The state's Guaranteed Education Tuition, or GET, program, has hung in the balance over the past couple weeks as the house considered a separate issue: whether to rescind the authority they gave to state universities just two years ago to charge differential tuition. 

The bill, which prohibits charging differential tuition rates to students for different majors (for example, charging more for an engineering degree than a history degree), passed on the floor with a bipartisan vote today, 95-1 as Democrats and Republicans voted in unison.

The bill, sponsored by Rep. Larry Seaquist (D-26, Gig Harbor) got a huge lift earlier this session when house appropriations committee chair Reuven Carlyle (D-36, Queen Anne), made a legislative U-turn to support the Seaquist bill by tying it to GET. (GET is a state fund that allows parents to buy tuition credits.)

Rep. Carlyle took a stand against the unintended consequences of his own legislation.

Carlyle had passed a bill in 2011 granting state universities the authority to set their own tuition (previously, the state had the sole authority to do so)—and that bill allowed  differential tuition. In effort to protect the GET (which has come under attack from the Republican-dominated Majority Coalition Caucus in the senate this session),  Carlyle took a stand against the unintended consequences of his own legislation.

Seaquist's bill, which had four Republican co-sponsors and four Democratic co-sponsors, had a public hearing in his higher education commitee in late January. At that hearing, Carlyle acknowledged that differential tuition “is a genuine and legitimate threat to the integrity of the GET program,” which allows parents to invest in pre-paid college tuition.

Carlyle's point: If universities were allowed to charge differential tuition, it would throw off GET’s ability to prepare for what those universities anticipate tuition costs will be in the future. For a program that is already struggling with financial stability, allowing universities to charge differential tuition could have been the nail in GET's coffin.

In the house vote earlier today, both Republicans and Democrats defended the bill, including some Republicans, such as Larry Haler (R-8, Richland), who sided with the Democrats on the GET issue—an affront to the head of the MCC, Sen. Rodney Tom (D-48, Medina), who has proposed killing GET.

However, Rep. Matt Manweller (R-13, Ellensburg) added a different angle. He was concerned, for example, that “differential tuition might lead to differential opportunity, and urged the house to “perpetuate opportunity, not poverty.”

Manweller, Associate Professor of Political Science at Central Washington University, gave a sarcastic example that richer students would be able to become engineers, while poorer students would have to choose “less expensive majors like political science, where your only option is representing the 13th district.”

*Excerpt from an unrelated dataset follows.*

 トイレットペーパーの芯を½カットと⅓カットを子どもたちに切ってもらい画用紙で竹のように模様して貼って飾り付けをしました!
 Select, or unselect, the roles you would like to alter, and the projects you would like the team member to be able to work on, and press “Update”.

Rep. Gael Tarleton (D-36, Ballard) stuck with the Democrats' GET angle (the senate Republicans and their renegade Democratic leader Sen. Rodney Tom (D-48, Medina): "Our higher ed institutions have managed to serve more students than ever before despite persistent cuts. ... This bill ensures we are honoring our commitment to our children, our working families, and our great state. GET ensures that we get that opportunity and the right to pursue it. GET is about giving everybody a chance to secure their futures and a chance to secure our own."

Rep. Gael Tarleton

The only defense of differential tuition came in the runup to the floor vote during the House Appropriations Committee meeting on Tuesday. Margaret Shepherd, UW’s Director of State Relations, agreed that differential tuition poses a threat to GET. However, she contended that allowing universities to impose differential tuition should be suspended, not eliminated, for the next biennium while the GET program stabilizes. “We aren’t looking to create an instability,” Sheppard said, “we ask for an alternative solution.”

And Sherry Burkey, Director for Legislative Relations for Western Washington University, echoed Shepherd’s suggestion to not eliminate differential tuition, “but [to] put it on a two-year hold until the economy turns around.”

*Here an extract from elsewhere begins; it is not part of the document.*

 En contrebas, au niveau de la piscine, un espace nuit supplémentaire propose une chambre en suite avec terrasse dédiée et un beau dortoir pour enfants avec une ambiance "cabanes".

It was the students, not the administrators, whose arguments apparently carried the day.

Their arguments evidently weren't persuasive. The bill that passed today eliminates universities' ability to impose differential tuition; it does not provide the option of suspension.

It was the students, not the administrators, whose arguments apparently carried the day. Angie Weiss, director of the Associated Students of the University of Washington (ASUW), argued at the same public hearing earlier this week that the increased financial burden on students is too much to bear. Engineering majors, for example, would have to pay $5,000 more in tuition if differential tuition was enacted. For students who don’t qualify for need-based financial aid ... differential tuition would “provide flexibility for institutions, but a barrier for students.”

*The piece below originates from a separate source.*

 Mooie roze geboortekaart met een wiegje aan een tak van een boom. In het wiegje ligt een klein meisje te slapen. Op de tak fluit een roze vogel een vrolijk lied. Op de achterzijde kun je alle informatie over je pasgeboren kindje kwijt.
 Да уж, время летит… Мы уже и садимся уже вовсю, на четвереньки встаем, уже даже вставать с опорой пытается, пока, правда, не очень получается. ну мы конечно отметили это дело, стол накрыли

And E.B. Vodde, legislative liaison for Associated Students of Eastern Washington University, testified about the possibility of a negative feedback loop. “Enacting differential tuition is going to create unaffordable education, lower enrollment, and with the students bankrolling the universities with 70 percent [of tuition costs], it's going to cause the universities to not have the money to function. […] We’re going to see a larger gap in our workforce for those high-demand degrees.”

“As a driver of innovation, differential tuition is an incredibly important tool,” Vodde acknowledged.

But in the big picture, protecting the GET program took precedence. “I think it’s unfortunate we’re caught in the situation we’re in,” Rep. Carlyle said.